I cut through the train tracks to get home, they are right by the house and it saves me a couple minutes at most. I am confident I would be fine if the train did come, it’s loud and slow. Still, I would hate to die so close to home. Inside I greet my sick roommate and my friend from lunch, I am surprised. They ran into each other on a walk. I drive her home in my roommate’s car.

Response #1

Age: 79.5
Occupation: Retired Social Worker and licensed therapist
Location: Salem and North Shore

Write a comprehensive list of what you did yesterday (in as much detail as you feel comfortable):

Showered/ate breakfast/watched news on TV/picked up(made bed)/took dog to park(not "dog park")/met friends, walked 3 laps around park/mini food shopping on way home/made a couple of phone calls/read novel/ate lunch/back to reading/took dog out for afternoon walk/met more friends/home/read/fed dog/watched news on TV/ate dinner while watching Wheel of Fortune and Jeopardy/cleaned up/changed clothes into sweats/watched something on Netflix, Prime, Hulu/bed by 11:00 - - - nighty-night!

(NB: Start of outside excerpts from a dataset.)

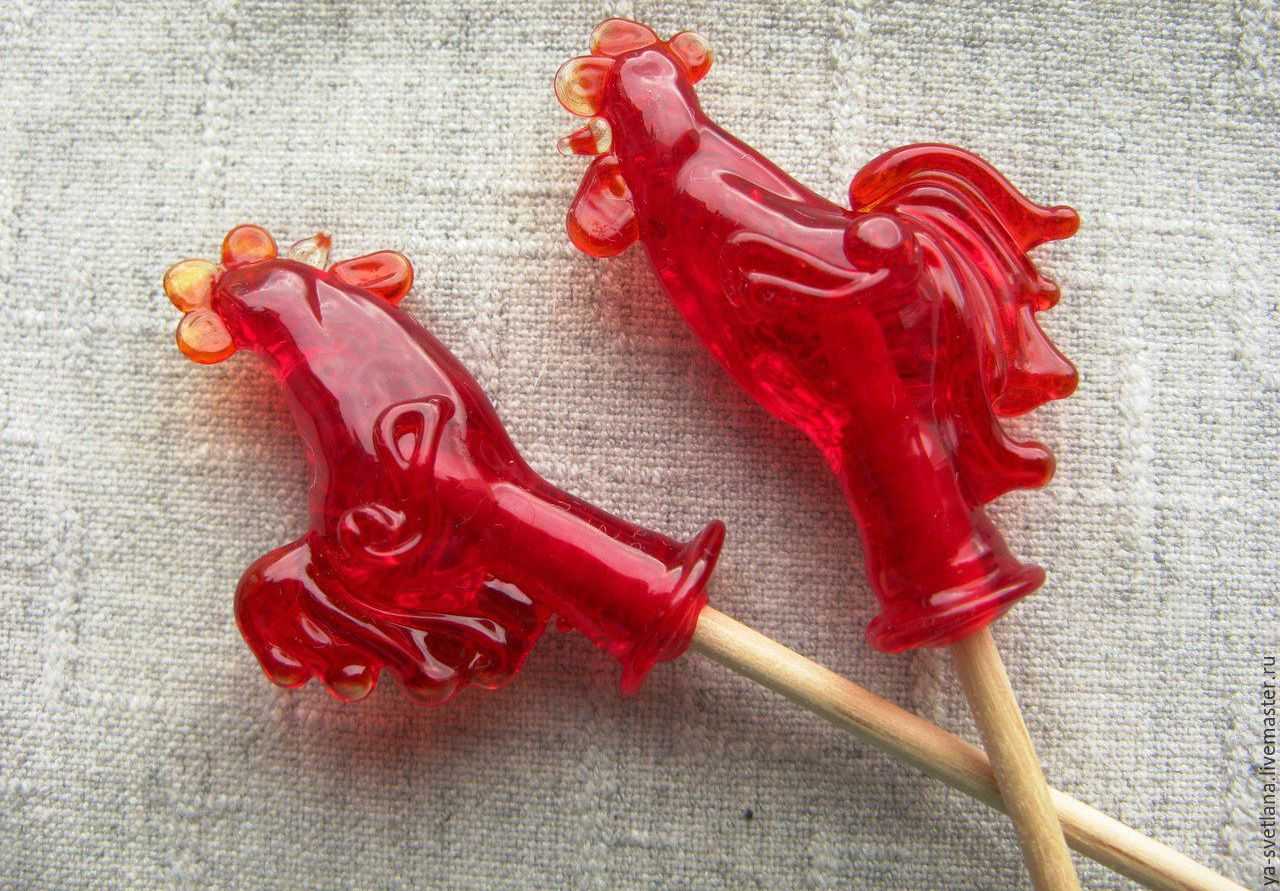Подсластить такой подарок можно сладкими петушками на палочке. У многих форма для них осталась ещё с советских времён.
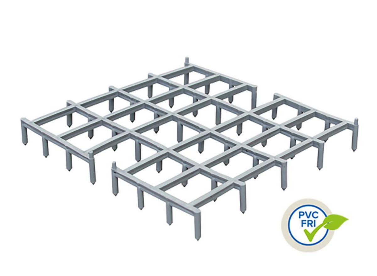 A very popular base spacer. Easy to handle, transport and store. Completely invisible in the finished concrete structure. Apply approx. 2 x Piggelin per m², position the reinforcement, finished! Quick and stable spacing that saves money.
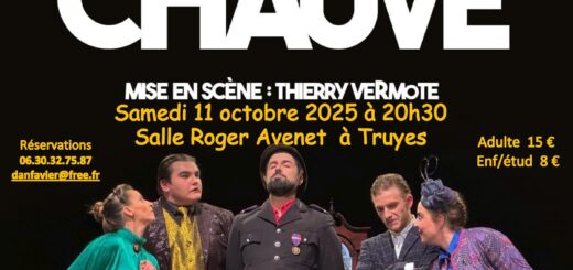Théâtre  » La Cantatrice Chauve » – 3P2A – Samedi 11 octobre – 20h30 Evenements / Vivre à Truyes 30 Sep, 2025 « La Cantatrice Chauve »… jouée par des vrais passionné(e)s de théâtre ! Notre association culturelle 3P2A organise une soirée théâtrale avec la pièce “La Cantatrice Chauve’’, interprétée par “La Compagnie à la Fraiche’’... Suivez-nous!
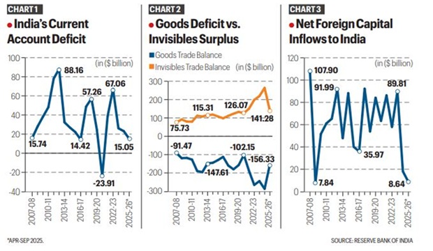 - विशाल अदृश्य अधिशेष ने वस्तु व्यापार घाटे को लगभग संतुलित करके चालू खाते घाटे (CAD) को नियंत्रण में रखा है। अप्रैल-सितंबर 2025 में CAD गिरकर $15.1 बिलियन हो गया, जो यह दर्शाता है कि CAD रुपये के दबाव का मुख्य कारण नहीं है।
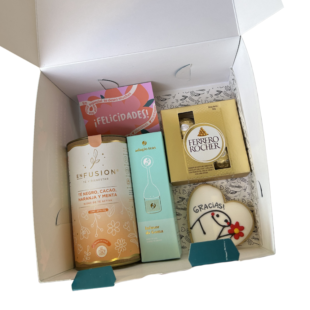 Incluye: Infusión variedades Botánica Gourmet, Ferrero Rocher 4 und, galleta temática, Filtro de papel Adagio y una tarjeta para ese mensaje especial.
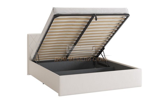 Кровать двуспальная 160x200 Ника с подъемным механизмом, белая экокожа
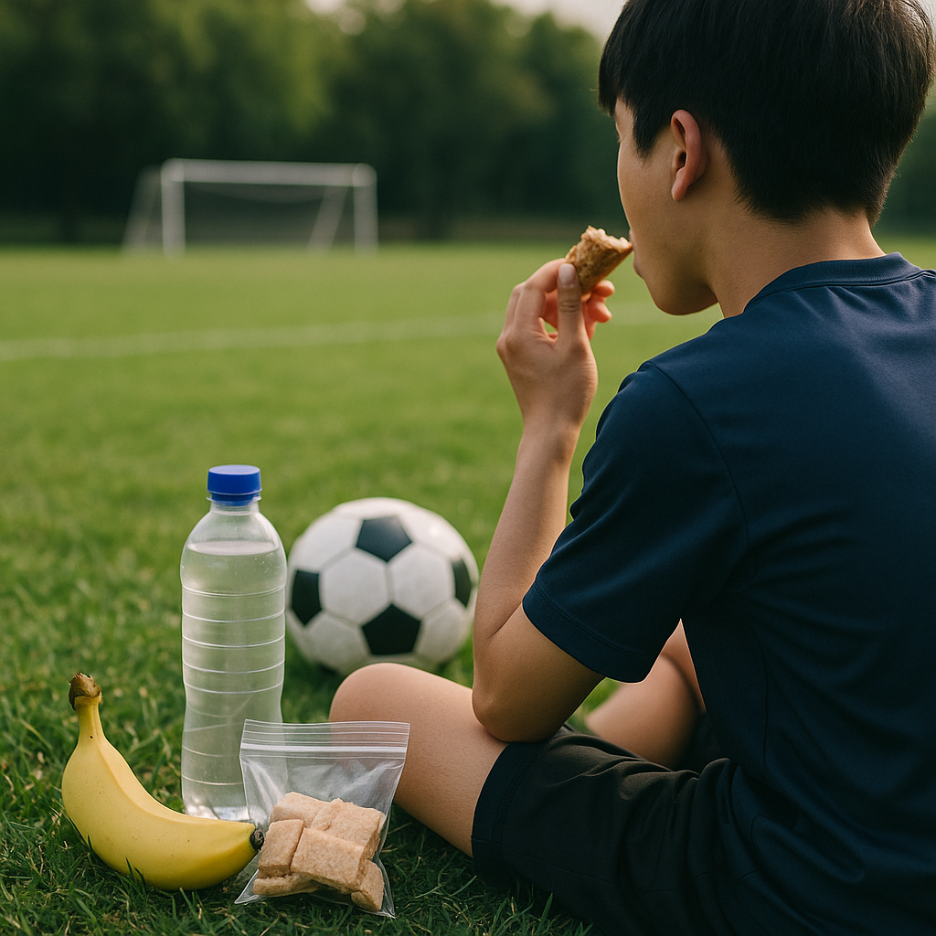 サッカーはダッシュとジョグの繰り返し。体は主に筋肉や肝臓に蓄えた糖(グリコーゲン)を使います。強度が上がるほど糖の消費は加速し、後半になると「キレが落ちる」「判断が遅れる」と感じやすくなります。さらに発汗で水分と電解質(主にナトリウム)が抜けると、痙攣リスクや集中力の低下につながります。合間の補食は、枯れかけた燃料と失われた水分・電解質を素早く補う作業です。
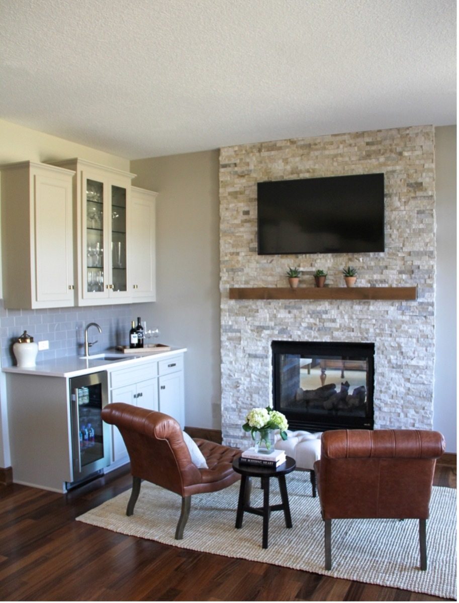 After Photo: The bar cabinets were painted the same color as the island, a light warm gray, a new bar Blanco Siligranit sink and faucet, and bar fridge were installed. For the fireplace, stacked stone was installed and extended to the ceiling to make a focal point.

What are 5 thoughts you have every day or almost every day:


1) holy crap, I’m getting old!!
2) mental check that my children and grandchildren are ok
3) how did the world get so damn fucked up!
4) thanks to Mother Nature for all the incredible beauty there is in this world and
5) worry. I am a champion worrier, about anything and everything.

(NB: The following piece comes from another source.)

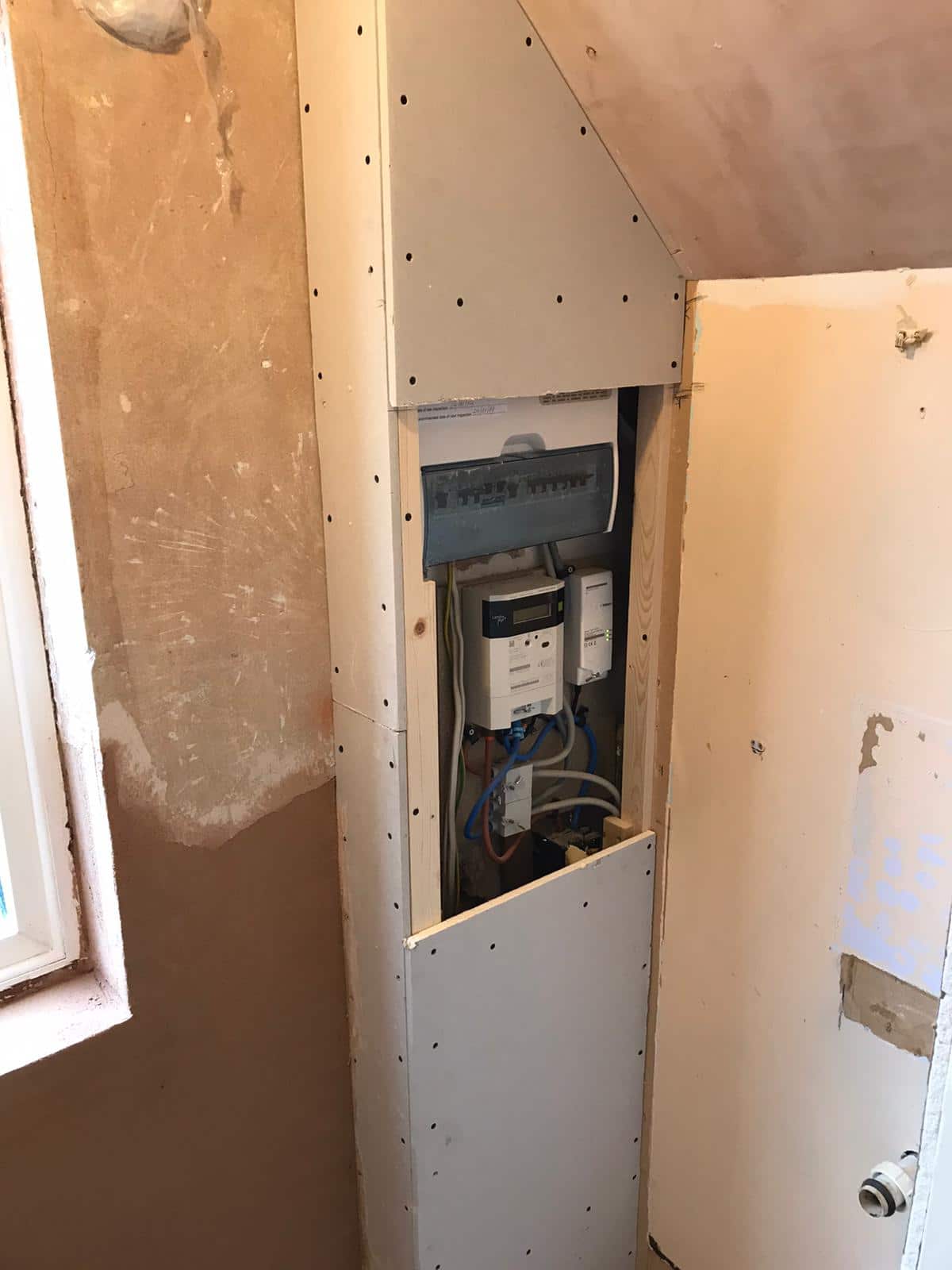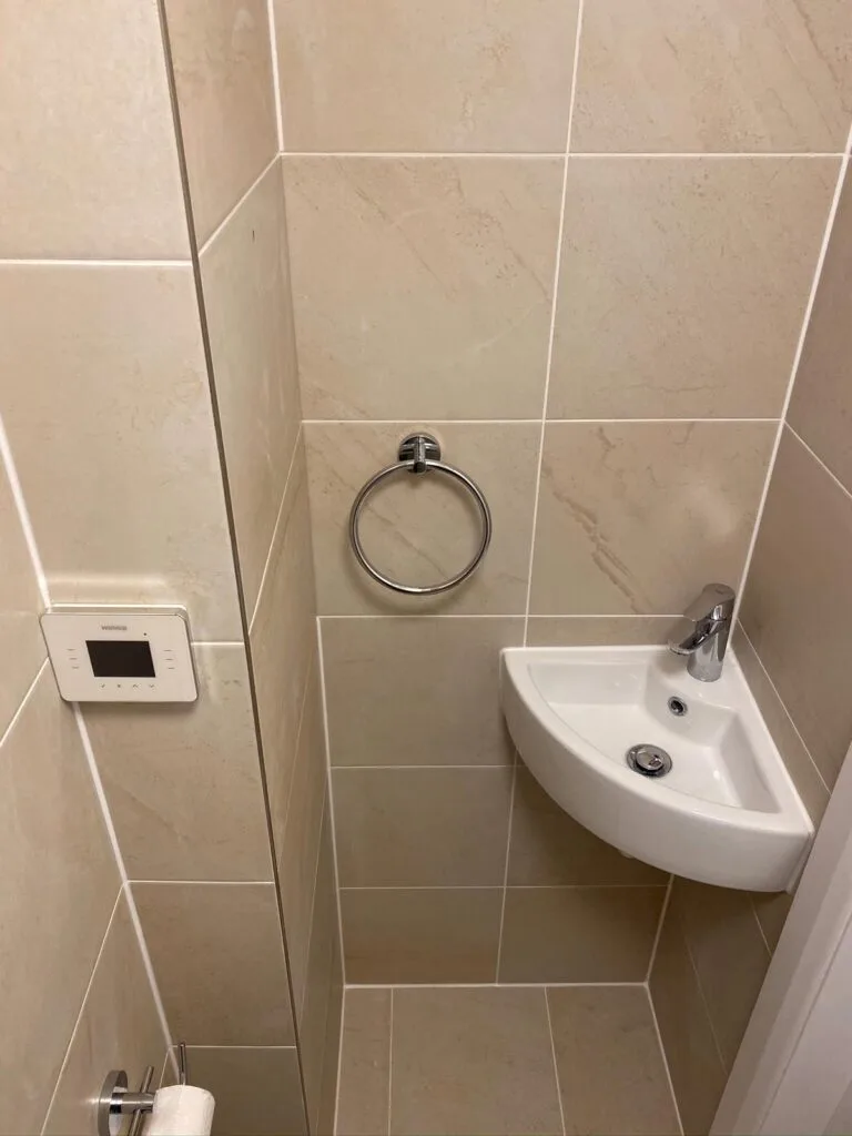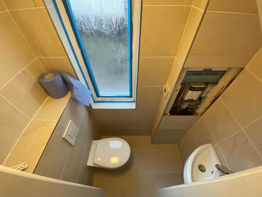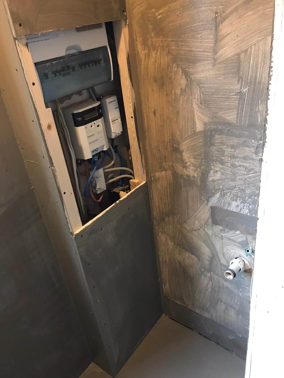 We optimised space with handcrafted installation of all equipment back to the place, boxed in the toilet, installed new electric meter box access panel, adding tiles and finished with few touches of fresh paint.

The day falls in on itself at the end, becoming difficult to catalog. When I return home, I reheat vegetarian chili and eat it standing up. I embellish, criticize, and lament. I read. I make tea to have something else to do. I am supposed to call my dentist to cancel an appointment, and I need to do laundry but I’m all out of quarters. I wash my face and brush my teeth. I hang up a sweater that’s been on the chair for a week. I light a candle that I used to light because our apartment smelled like cigarettes all the time. A few days ago our neighbor died and the smell stopped. 

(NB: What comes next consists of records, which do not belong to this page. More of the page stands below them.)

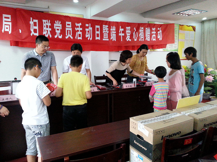 6月20日 下午,县妇联、县统计局在西安丰镇苗圃村开展了党员活动日暨端午爱心捐赠活动,为苗圃村儿童快乐家园捐赠了电脑,并为30多名留守儿童送去了学习用品和爱心粽,让孩子们感受到了亲情和温暖。
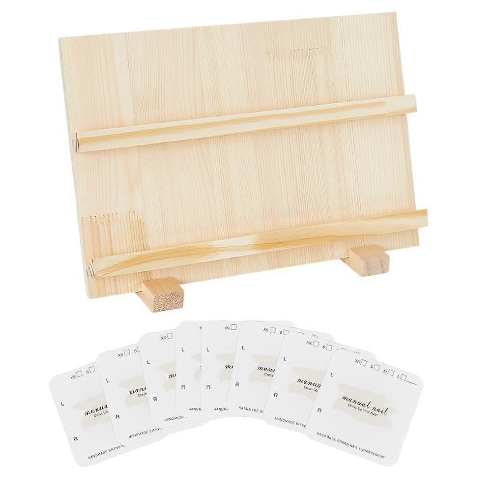 2 Layers Wood Earring Display Stand with 8 Nail Art Card Holders for Retail Jewelry Showcase, Tabletop Jewelry Organizer
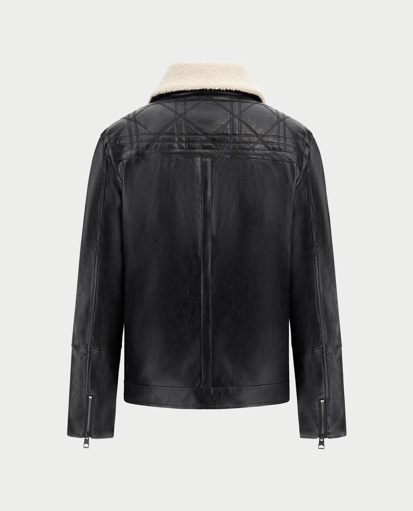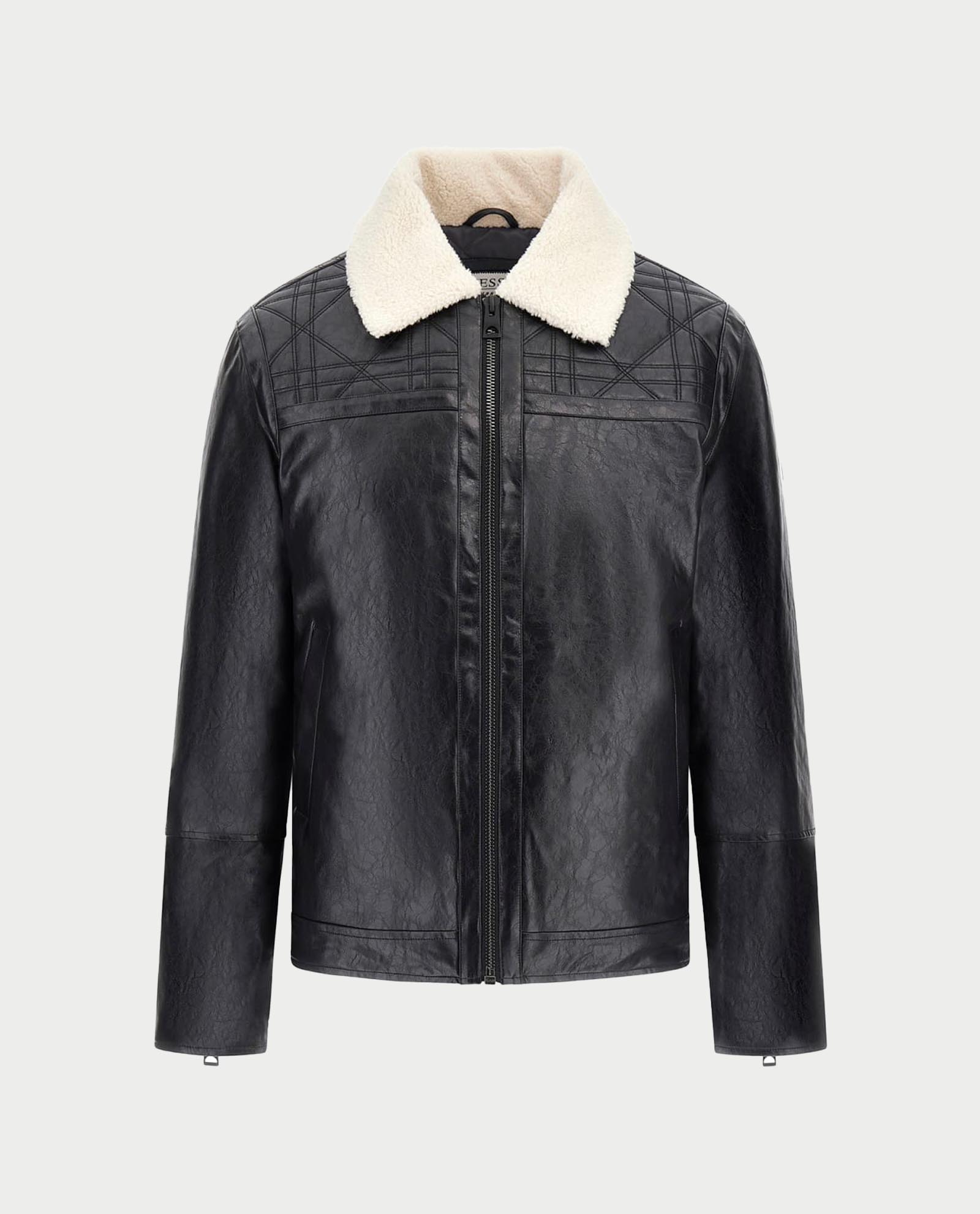 Giubbino per uomo firmato Guess in similpelle e dal motivo quilting. Colletto a pellicciotto a contrasto, chiusura fullzip, tasche laterali.

I ask some variation of the question “What did you do today?” or “What’ve you been up to?” multiple times every day. It’s the most promising question, I’m hopeful the person I’m talking to will have something earth-shattering to share with me. I want them to say something that makes me laugh or even better, something salvational. I am nosy, I want to know how people feel and why and what they plan to do about it. I am looking to compare myself to others. I want proof that I am acting out my day in a similar fashion to those around me. I am skeptical that my peers are doing more interesting things than I am. I cannot pinpoint the parts of my day that are going wrong, where I could’ve met someone new, when I could’ve reached an epiphany, how I could’ve felt better. I am looking for confirmation that I am on track to contentment, that some people are getting there.